The lawmaker said she hopes “targeted measures” pledged in Li’s government work report to the NPC deputies yesterday will lift these people out of poverty.
Li urged local governments to merge poverty alleviation resources to ensure assistance is better targeted.
Some NPC deputies said uncoordinated relief resources currently prevent impoverished families from receiving the full government assistance allocated.
“Relief funds are scattered among different district government departments with different conditions for distributing funds,” said Zhang. “As it’s difficult to meet all the conditions, the reality is that destitute families can’t receive all the funds,” she said.
According to the latest official statistics, just under 99 million people were living below the poverty line in China in 2012.

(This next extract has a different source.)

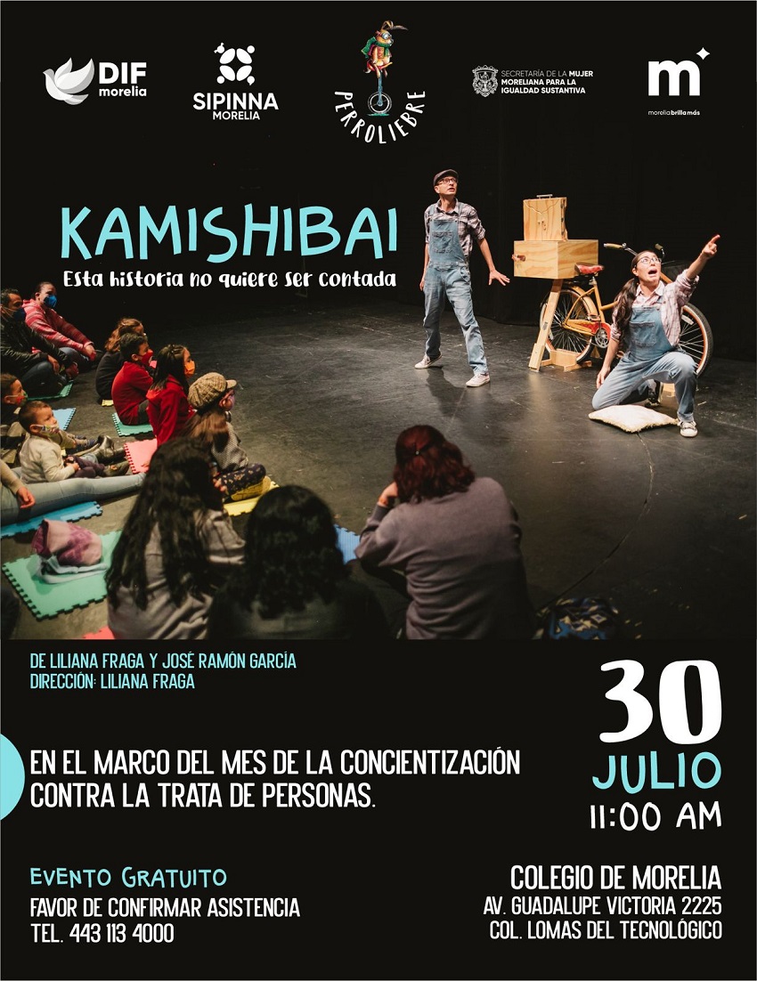 El DIF Morelia encabezado por su presidenta honoraria, Paola Delgadillo Hernández, presentará este 30 de julio la obra “Kamishibai: Esta historia no quiere ser contada”, una propuesta escénica dirigida a niñas, niños y sus familias como parte de la campaña municipal “¿De qué trata la trata?”.

China’s poverty line is equivalent to less than US$1 a day — lower than the World Bank level of US$1.25.
Rural dwellers with an annual net income per capita of 2,300 yuan (US$337) or less are classified as poor.
However, the 99 million figure is based on a sampling survey — exposing the lack of a nationwide database.
Wang Guoliang, deputy director of a State Council group on poverty alleviation, said this year that efforts to fight poverty are hampered by not having precise figures.
Jin Chunmei, an NPC deputy and village party secretary from north China’s Hebei Province, said poor counties eligible for state poverty relief in some developed regions are in fact more prosperous than the most developed parts of poor counties elsewhere receiving assistance.
A mechanism should be set up to monitor the development of poor counties to review their eligibility for state poverty relief, Jin said.
Some 832 counties receive poverty relief and preferential policies in China. When introduced in 1986, the list featured 331 counties.
China’s number of poor was reduced by 16.5 million last year, and Li said in his report that the government will lift some 10 million people out of poverty this year.
“We will continue to fight poverty and prevent poverty from being passed on to future generations,” said Li.